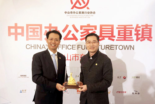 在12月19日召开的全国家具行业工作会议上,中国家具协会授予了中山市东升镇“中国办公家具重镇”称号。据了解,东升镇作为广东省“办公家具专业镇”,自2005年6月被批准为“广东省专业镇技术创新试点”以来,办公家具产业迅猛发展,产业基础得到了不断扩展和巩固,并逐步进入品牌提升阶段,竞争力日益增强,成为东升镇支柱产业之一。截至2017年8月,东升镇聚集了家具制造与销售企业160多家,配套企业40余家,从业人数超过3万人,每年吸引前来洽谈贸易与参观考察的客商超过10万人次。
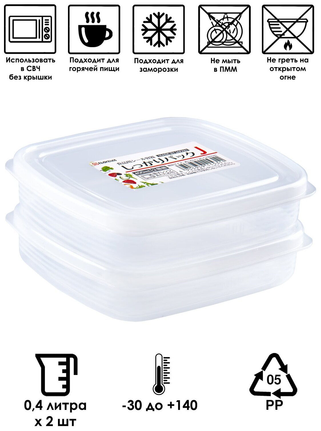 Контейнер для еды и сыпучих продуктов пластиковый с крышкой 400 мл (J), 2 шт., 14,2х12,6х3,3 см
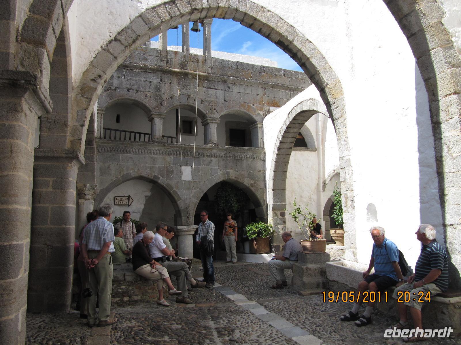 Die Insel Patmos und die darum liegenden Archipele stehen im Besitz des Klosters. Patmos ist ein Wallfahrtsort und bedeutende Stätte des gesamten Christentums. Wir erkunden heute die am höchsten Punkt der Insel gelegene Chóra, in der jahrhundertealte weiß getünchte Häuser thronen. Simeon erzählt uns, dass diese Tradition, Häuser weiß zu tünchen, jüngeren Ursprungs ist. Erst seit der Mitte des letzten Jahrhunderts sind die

● Exercise objective
Every word of the data should be reproduced exactly; please omit any pictures.

● Result of this task
 在12月19日召开的全国家具行业工作会议上,中国家具协会授予了中山市东升镇“中国办公家具重镇”称号。据了解,东升镇作为广东省“办公家具专业镇”,自2005年6月被批准为“广东省专业镇技术创新试点”以来,办公家具产业迅猛发展,产业基础得到了不断扩展和巩固,并逐步进入品牌提升阶段,竞争力日益增强,成为东升镇支柱产业之一。截至2017年8月,东升镇聚集了家具制造与销售企业160多家,配套企业40余家,从业人数超过3万人,每年吸引前来洽谈贸易与参观考察的客商超过10万人次。
 Контейнер для еды и сыпучих продуктов пластиковый с крышкой 400 мл (J), 2 шт., 14,2х12,6х3,3 см
 Die Insel Patmos und die darum liegenden Archipele stehen im Besitz des Klosters. Patmos ist ein Wallfahrtsort und bedeutende Stätte des gesamten Christentums. Wir erkunden heute die am höchsten Punkt der Insel gelegene Chóra, in der jahrhundertealte weiß getünchte Häuser thronen. Simeon erzählt uns, dass diese Tradition, Häuser weiß zu tünchen, jüngeren Ursprungs ist. Erst seit der Mitte des letzten Jahrhunderts sind die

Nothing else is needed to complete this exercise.